▸ **Extracted data entries**:
□ □ □ □
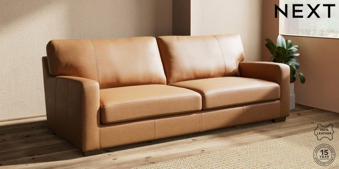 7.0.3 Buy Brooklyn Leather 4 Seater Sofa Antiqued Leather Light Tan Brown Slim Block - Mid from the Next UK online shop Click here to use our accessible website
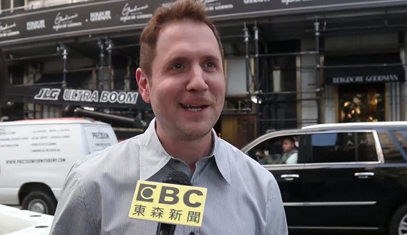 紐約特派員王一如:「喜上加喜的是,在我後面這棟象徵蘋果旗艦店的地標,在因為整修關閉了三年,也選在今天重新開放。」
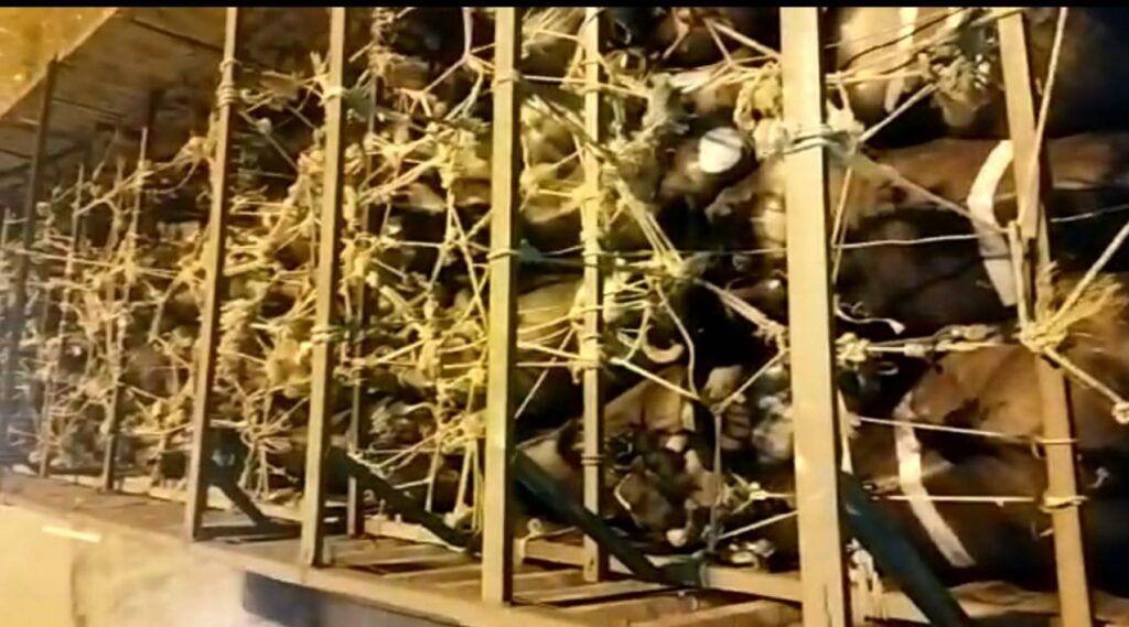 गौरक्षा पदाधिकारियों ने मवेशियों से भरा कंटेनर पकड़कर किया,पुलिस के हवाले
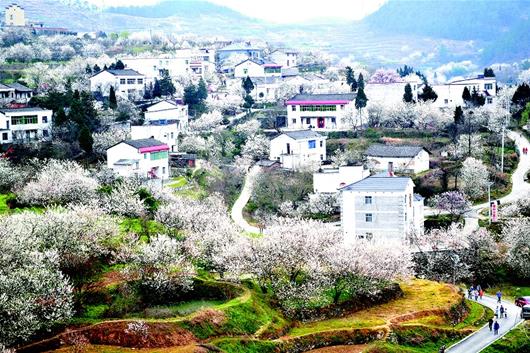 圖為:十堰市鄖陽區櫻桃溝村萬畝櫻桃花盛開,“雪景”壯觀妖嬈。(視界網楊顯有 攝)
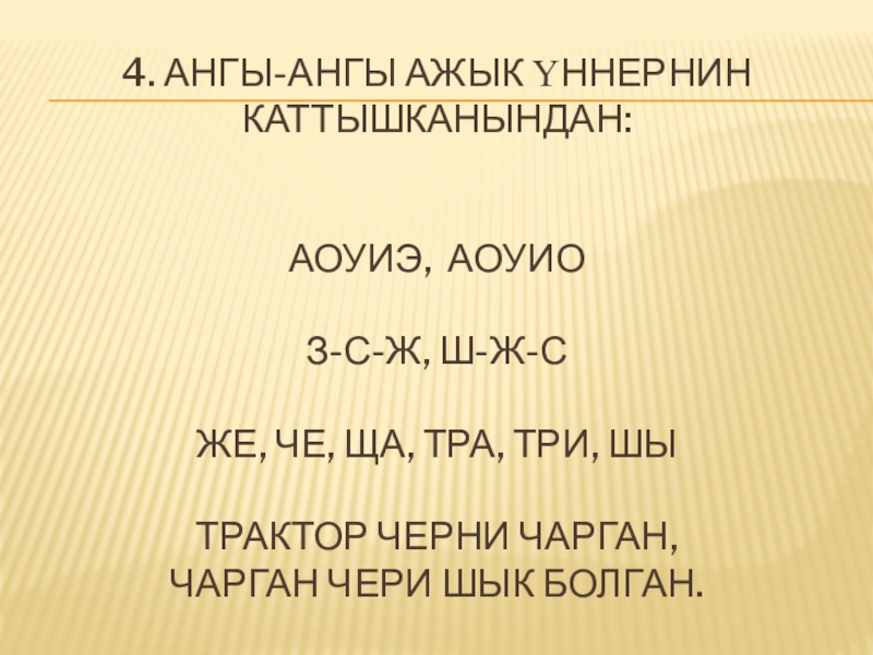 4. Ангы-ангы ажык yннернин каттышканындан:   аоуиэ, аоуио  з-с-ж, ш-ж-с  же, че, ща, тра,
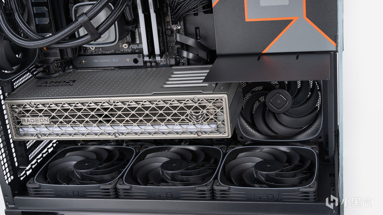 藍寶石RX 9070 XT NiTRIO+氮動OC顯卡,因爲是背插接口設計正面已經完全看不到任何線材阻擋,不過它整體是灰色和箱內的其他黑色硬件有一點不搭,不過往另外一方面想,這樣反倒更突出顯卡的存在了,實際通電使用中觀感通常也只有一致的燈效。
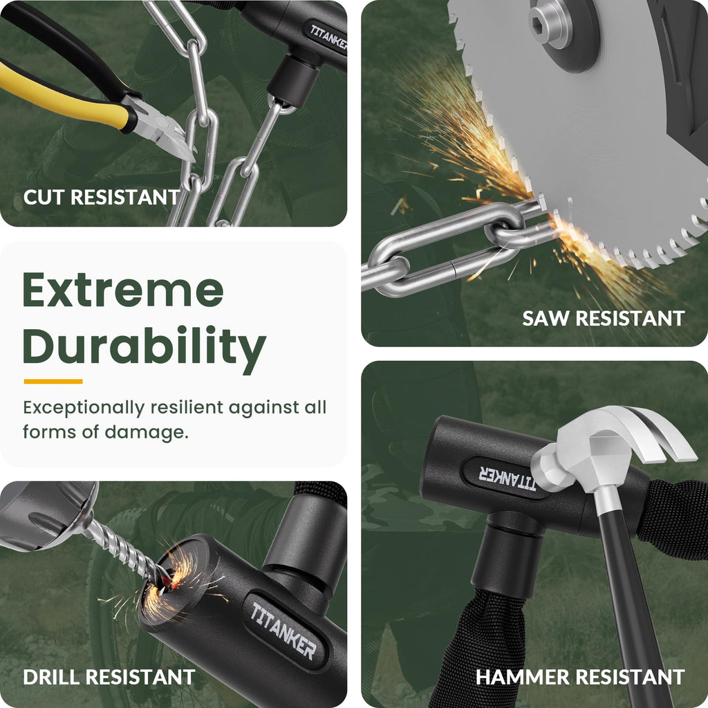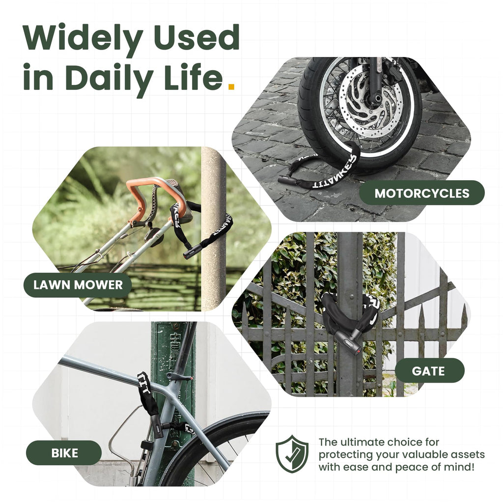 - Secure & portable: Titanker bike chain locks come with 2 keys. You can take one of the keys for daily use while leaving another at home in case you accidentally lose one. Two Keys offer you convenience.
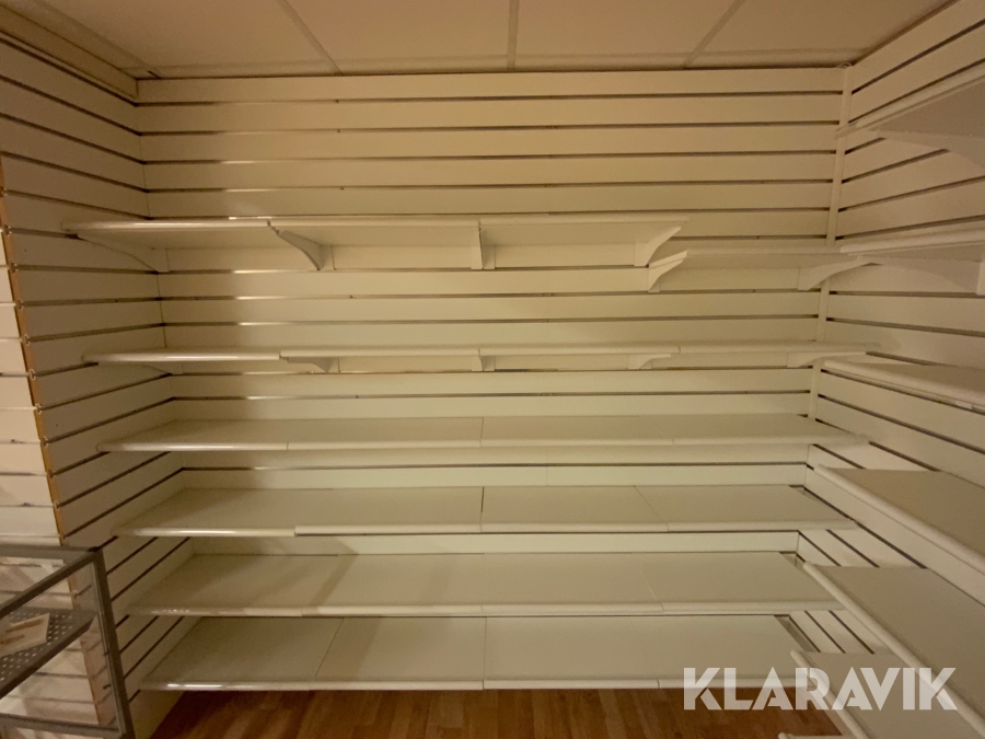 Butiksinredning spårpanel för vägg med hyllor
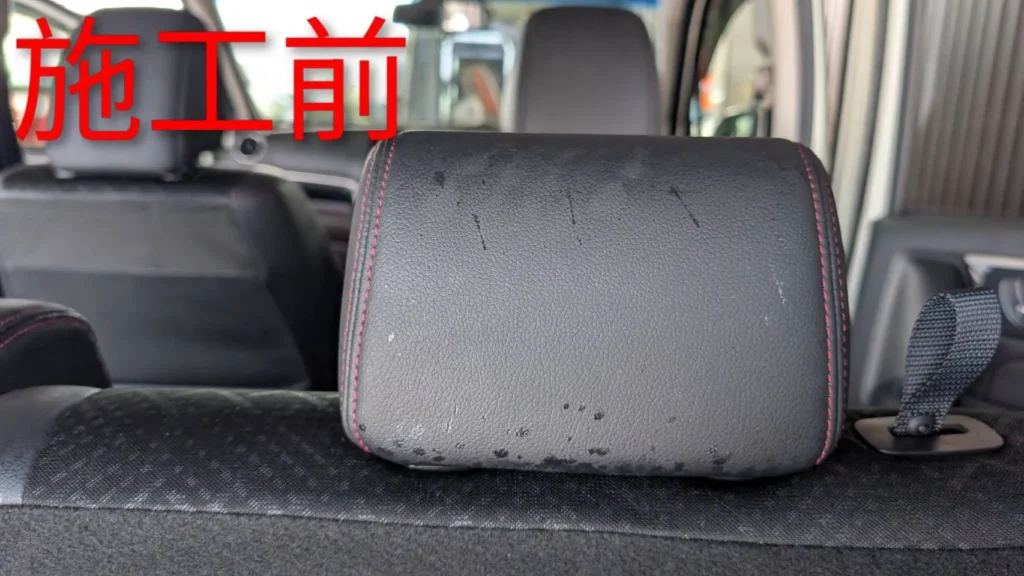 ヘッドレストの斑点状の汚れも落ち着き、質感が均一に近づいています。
□ □ □ □
▸ **Assignment**: Nothing but the lines from the one containing "藍寶石RX 9070 XT" through the last line of the records above should appear, each repeated exactly, with no pictures.

▸ **Response to this task**:
 藍寶石RX 9070 XT NiTRIO+氮動OC顯卡,因爲是背插接口設計正面已經完全看不到任何線材阻擋,不過它整體是灰色和箱內的其他黑色硬件有一點不搭,不過往另外一方面想,這樣反倒更突出顯卡的存在了,實際通電使用中觀感通常也只有一致的燈效。
 - Secure & portable: Titanker bike chain locks come with 2 keys. You can take one of the keys for daily use while leaving another at home in case you accidentally lose one. Two Keys offer you convenience.
 Butiksinredning spårpanel för vägg med hyllor
 ヘッドレストの斑点状の汚れも落ち着き、質感が均一に近づいています。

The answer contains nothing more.